AMD Driving the Next Frontiers of Science

Oct 21, 2025

A string of DNA and to the right a microscope

From decoding genomes, to deploying new energy systems, to advancing national security, artificial intelligence is empowering researchers to tackle complex problems with unprecedented speed and precision. AMD is at the forefront of this transformation with full-spectrum AI infrastructure that combines leadership-class high-performance computing, cutting-edge AI accelerators, and an open software ecosystem—enabling researchers around the world to collaborate and drive the next wave of scientific breakthroughs.

Through deep co-innovation with national laboratories and research institutions worldwide, AMD technologies are accelerating discovery across Science, Energy, National security and beyond.

Empowering Global Scientific Research with the World’s Top Supercomputers

Spanning the globe, leadership-class supercomputers such as Frontier, El Capitan, LUMI, and Pawsey’s Setonix run on AMD Instinct™ GPUs and AMD EPYC™ CPUs. The architecture of these systems is designed to meet the demands of modern scientific workloads and optimize the convergence of AI and HPC, making them well suited for large-scale AI training and inference.

  • Frontier at Oak Ridge Leadership Computing Facility (OLCF) is the world’s first exascale supercomputer. Its architecture delivers outstanding double-precision performance, making it ideal for AI-enabled science. Frontier is powering the largest cosmological simulations ever conducted, modeling material behavior over million-fold longer timescales, advancing biomedical research from protein folding to brain tumor modeling, and driving next-generation simulations of fluid dynamics and turbulence for aerospace and launch systems. Frontier has a Gordon Bell finalist for fluid flow simulation in 2025, recognizing outstanding achievement in high-performance computing. 

  • El Capitan, the world’s fastest supercomputer, exceeds 1.7 exaflops on HPL and is central to the U.S. Department of Energy (DOE) and National Nuclear Security Administration (NNSA) missions. In addition to advancing national security, it enables AI-driven research in fusion energy, climate modeling, drug discovery, advanced manufacturing, and materials science. Scientists at Lawrence Livermore National Laboratory (LLNL) and AMD have achieved a milestone in biological computing: completing the largest and fastest protein structure prediction workflow using the full power of El Capitan. Tuolumne, a companion system based on the same architecture, supports open science projects, including earthquake simulation, computational biology, and sustainable energy research. El Capitan has a Gordon Bell finalist for Digital Twin Tsunami research in 2025, recognizing outstanding achievement in high-performance computing.
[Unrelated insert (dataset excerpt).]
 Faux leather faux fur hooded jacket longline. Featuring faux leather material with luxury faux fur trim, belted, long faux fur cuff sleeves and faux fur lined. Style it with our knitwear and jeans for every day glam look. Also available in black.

  • LUMI, one of Europe’s fastest supercomputers, underpins transformative projects such as Destination Earth, an EU initiative to build a high-resolution digital twin of the planet generating up to 1 PB of data daily. LUMI is also advancing AI-driven cancer diagnostics, drug discovery, and personalized medicine through large-scale genomic analysis. Multilingual European large language models, including the Poro and Viking families, have been trained on LUMI by AMD Silo AI in collaboration with TurkuNLP at the University of Turku.
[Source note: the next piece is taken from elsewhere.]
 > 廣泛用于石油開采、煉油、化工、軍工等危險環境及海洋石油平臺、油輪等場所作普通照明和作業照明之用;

  • Pawsey Setonixat Australia’s Pawsey Supercomputing Research Centre is designed for hybrid HPC-AI workflows. It integrates machine learning with physics-based simulations to accelerate climate modeling, fluid dynamics, materials science, and geoscience. Setonix is also enabling domain-specific AI training in genomics (e.g., nanopore sequencing), astronomy (e.g., radio telescope signal processing), and mineral exploration.

A Broad Compute Portfolio to Accelerate Discovery

Scientific research is diverse—and so are its computational needs. AMD delivers a broad portfolio of compute architectures, optimized for the convergence of HPC and AI, to power discoveries across domains. AMD technologies are already enabling breakthroughs in cancer research, drug discovery, nuclear fusion, exotic materials development, ultra-efficient engine design, and stellar explosion simulations.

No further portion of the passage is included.